“Stereotypes and lies lodge in our bodies as surely as bullets. They live and fester there, stealing the body.
The body as home, but only if it is understood that the stolen
body can be reclaimed.” (Clare 13)
In this chapter Clare describes the tension between his queer, disabled identity and his rural upbringing in the backwoods of Oregon. The first sentences that I selected conclude a bleak paragraph detailing the ways in which various bodies–queer, disabled, impoverished–are stolen from the people who inhabit them. He highlights “Leonard/Lynn Vines, walking through his Baltimore neighborhood, called a ‘drag queen faggot bitch’ and shot six times. Matt Shepard–gay, white, young–tied to a fence post in Wyoming and beaten to death,” displaying a nationwide trend of violence towards queer people within their own communities (12-13).
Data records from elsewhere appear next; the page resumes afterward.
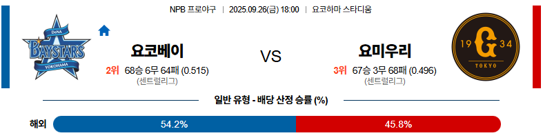 요코하마 대 요미우리 NPB 09월26일 맞대결 생중계, 스포츠중계, 스포츠분석
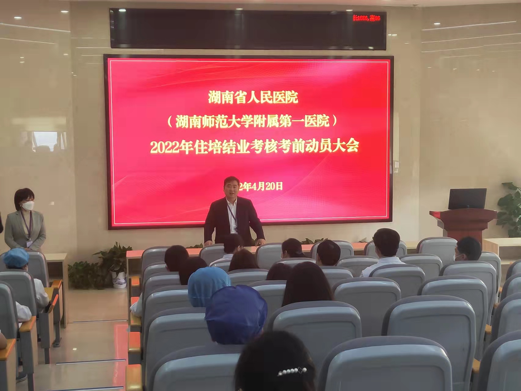 2022年度住院医师规范化培训结业考核即将来临,为强化培训意识,切实抓好备考工作,有效提高捷克论坛住培结业考核通过率,4月20日下午,教学部组织全院30个住培专业基地主任、教学主任、教学秘书召开了2022年度住院医师规范化培训结业考核考前动员大会。捷克论坛 党委委员、湖南师范大学临床医学院党委书记朱华波出席会议,教学部主任胡进晖主持会议。
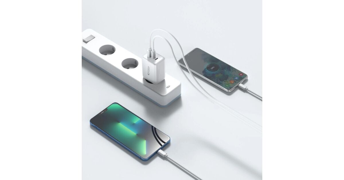 Dieses kompakte, weiße Tech-Protect C65W Wandladegerät ist die perfekte Lösung, um Smartphones, Tablets, tragbare Konsolen und Powerbanks gleichzeitig aufzuladen. Mit zwei USB-C (PD65W) und einem USB-A (QC3.0) Anschluss kannst du bis zu drei Geräte gleichzeitig laden.
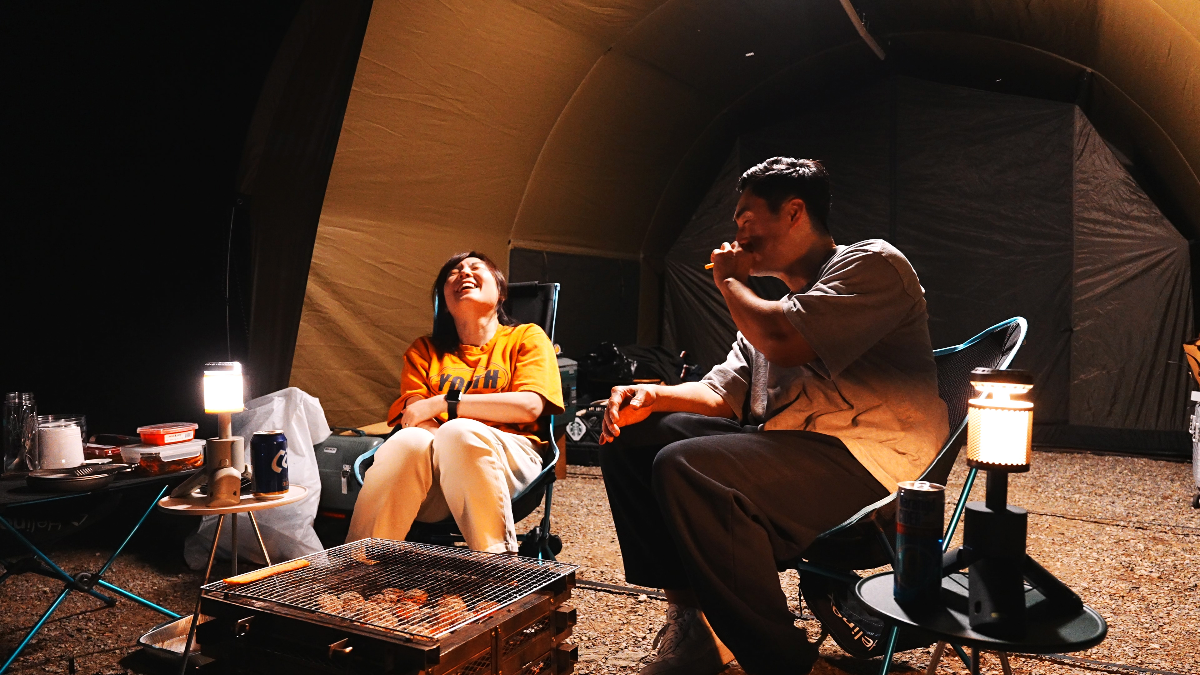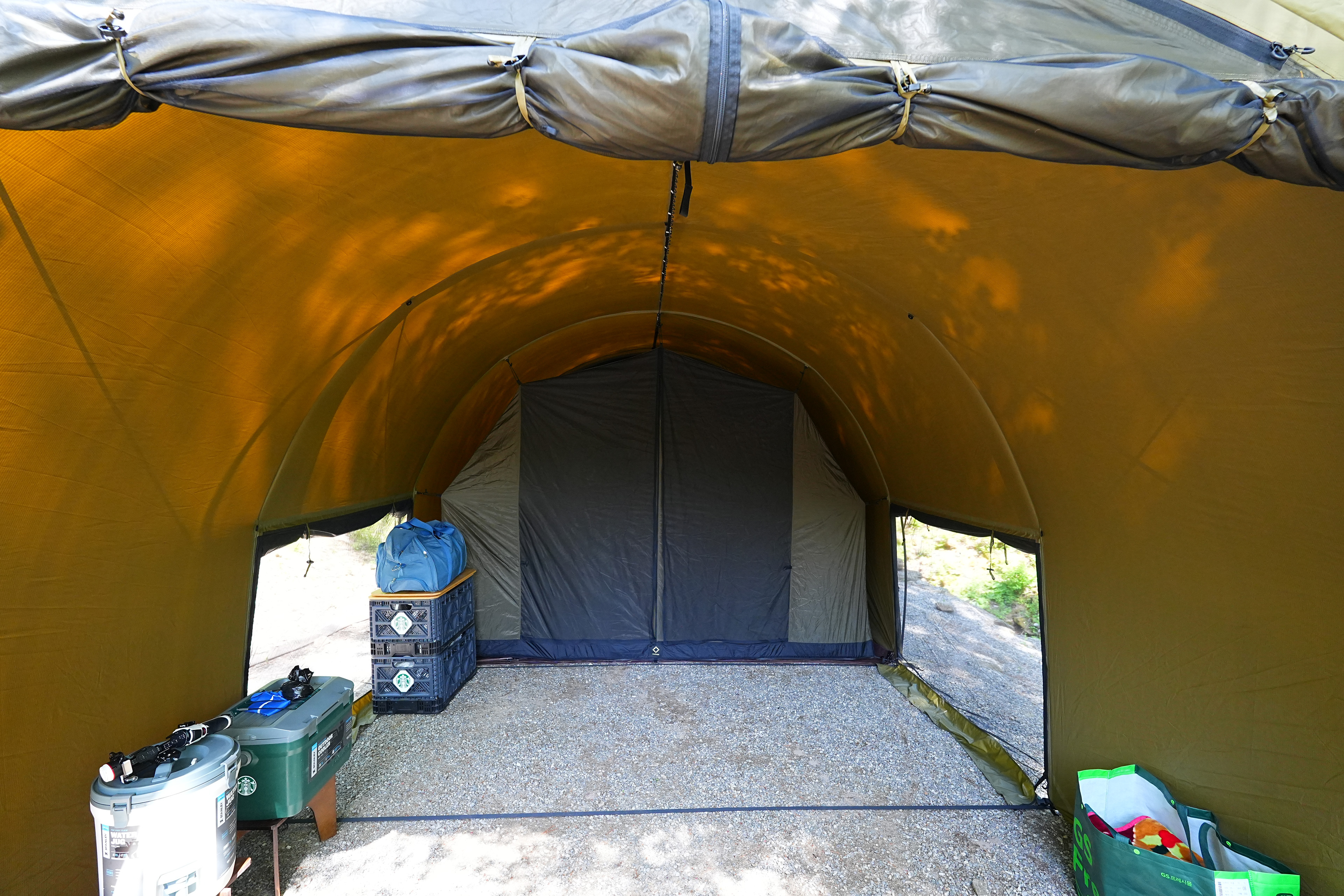 2P 이너텐트 설치한 뒤 모습. 이너텐트 공간을 제외하면 약 3M * 3M의 공간이 나와서 2인 캠핑하기 딱 좋은 공간이다.

Despite this, Clare’s following paragraph attempts to remedy this paradigm and assert the body’s capability for reclamation. He encourages a revolution against biases and lies that have been weaponized against marginalized bodies, and it feels as though these acts of revolution/reclamation are central to the ways in which LGBTQ+ authors write about their experiences. I’m reminded of Sedgwick’s “Queer and Now” where she posits this hypothesis: “there are important senses in which ‘queer’ can signify only when attached to the first person. One possible corollary: that what it takes—all it takes—to make the description ‘queer’ a true one is the impulsion to use it in the first person,” (9). Allowing the body to be a home requires it to be lived through the first person, not through the stereotypes of others; for Clare, it must be lived from a perspective “that comes close and finally true to the bone,” (13).
One of Clare’s main ideas that you point out is about the body being capable of being reclaimed from being stolen. One way that I noticed he supports this retrieval of the taken body
was by going into the different labels that are applied to marginalized groups and how they have come to be reclaimed by the people they were meant to offend. These were words like crip, gimp and especially queer. I think that Clare makes it clear that when people take these harsh words and accept them it is a sign of pride. To Clare it is not just about the simple reclaiming of the body but it’s about the pride that comes with it. Reclamation is about the removal of the shame that was put on the marginalized groups. Reclamation is pride.
The phrase “Stolen bodies, reclaimed bodies” got me thinking about what should be considered an acceptable, or “normal” bodies. The idea of “normal” bodies, at least in today’s context, is quite complicated, because in my assumption, everybody – one way or another, always got something wrong in the body, which could potentially be abnormal – not just exclusive to gender aspects. It seems to me that Clair was trying to imply that “normal” people, aimed specifically at the marginalized group to define their normal bodies by pointing out the different, or “wrong” in others’ bodies, to ultimately justify the “normal”.
I thought of the “body” in this case being “identity”. I define my queerness, in part, by the homophobia and hatred I have faced because of it. It reminds me of the concept of “the mountain”. Along with what we discussed in class, I also view the mountain as identity. Clare states that the mountain won’t let him go (forgive me for lacking page numbers, I don’t have my book with me); even if he were to overcome the mountain, it would always hold on to him. In ways, the trials and hardships we must overcome because of our identities *become* part of our identities.